Given the exponential growth of the volume of the ball w.r.t. its radius, the hyperbolic space is capable of embedding trees with arbitrarily small distortion and hence has received wide attention for representing hierarchical datasets. However, this exponential growth property comes at a price of numerical instability such that training hyperbolic learning models will sometimes lead to catastrophic NaN problems, encountering unrepresentable values in floating point arithmetic. In this work, we carefully analyze the limitation of two popular models for the hyperbolic space, namely, the Poincar\'e ball and the Lorentz model. We first show that, under the 64 bit arithmetic system, the Poincar\'e ball has a relatively larger capacity than the Lorentz model for correctly representing points. Then, we theoretically validate the superiority of the Lorentz model over the Poincar\'e ball from the perspective of optimization. Given the numerical limitations of both models, we identify one Euclidean parametrization of the hyperbolic space which can alleviate these limitations. We further extend this Euclidean parametrization to hyperbolic hyperplanes and exhibits its ability in improving the performance of hyperbolic SVM.

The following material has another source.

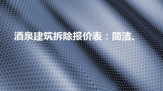 酒泉建筑拆除报价表的简洁、详实、实用性是令人欣喜的。本文旨在从拆除方案的制定、费用计算、资源回收、危险品处理、环保施工等方面,深入探讨酒泉建筑拆除报价表的多方面特点。该文章将帮助拆除行业专家更好地理解酒泉建筑拆除报价表的特点,提升拆除行业的运营效率。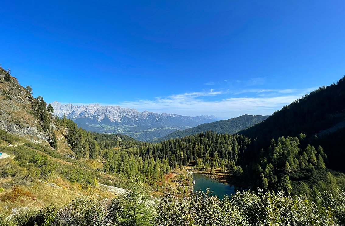 Vom Ende der Drahtseilsicherung in wenigen Minuten dem Pfad zurück zum Wanderweg folgen. Wer direkt zurück zum Preunegg Jet will, wandert in nicht einmal 10 Minuten auf dem Weg Nr.66 zurück zum See und zur Bergstation.

翻译：鉴于球的半径量的指数增长,双曲空间能够将树嵌入任意的小扭曲,从而引起代表等级数据集的广泛关注。然而,这种指数增长属性是以数字不稳定的价格产生的,因此培训双曲学习模型有时会导致灾难性的NNN问题,在浮动点算术中遇到无法反映的数值。在这项工作中,我们仔细分析双曲空间的两个流行模型,即Poincar\'e球和Lorentz模型的局限性。我们首先显示,在64位数算术系统下,Poincar\'e球比Lorentz模型的正确代表点能力要大得多。然后,我们从优化的角度从理论上验证Lorentz模型优于Poincar\'e球的优势。鉴于两种模型的数值限制,我们找出了一种超曲解的超曲空间的极美化,可以减轻这些限制。我们进一步将这种Euclidean paremterizizizizization 扩大到了超低调的超高压平板。